How can i achieve that?
EDIT:
Well, it seems that above code works as intended, if get_from_queue requests result data from return_queue instead request_queue... >_>'
Ok, I think I have a better understanding of what you want to do.
Have a look at this code. It's not OO but illustrates the idea.

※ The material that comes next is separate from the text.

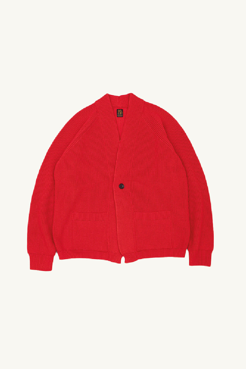 The single-button cardigan by Batoner is made from red premium wool knit, the brand’s signature, known for its dense, soft and durable texture.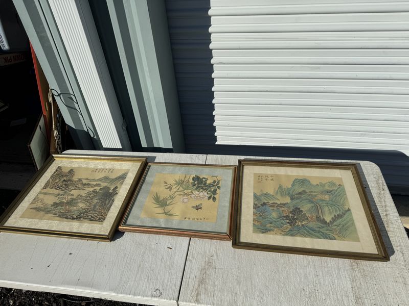 2 paintings 20”x18” the other 17”x15” some frame damage to small painting the other 2 in good condition signed sold as is

from multiprocessing import Process, Queue, Pipe
from time import sleep
import random
proc = None
inq = None
outq = None
def createWorker():
global inq, outq, proc
inq = Queue()
outq = Queue()
proc = Process(target=worker, args=(inq,outq))
proc.start()
def worker(inq, outq):
print "Worker started"
while True:
url = inq.get()
secs = random.randint(1,5)
print "processing", url, " sleeping for", secs
sleep(secs)
outq.put(url + " done")
def callWithTimeout(arg):
global proc, inq, outq
inq.put(arg)
result = None
while result is None:
try:
result = outq.get(timeout=4)
except:
print "restarting worker process"
proc.terminate()
createWorker()
inq.put(arg)
return result
def main():
global proc, inq, outq
createWorker()
for arg in ["foo", "bar", "baz", "quux"]:
res = callWithTimeout(arg)
print "res =", res
proc.terminate()
main()
It uses two queues - one for sending messages to the worker process and one for receiving the results. You could also use pipes. Also, new queues are created when the worker process is restarted - this is to avoid a possible race condition.
Edit: Just saw your edit - looks like the same idea.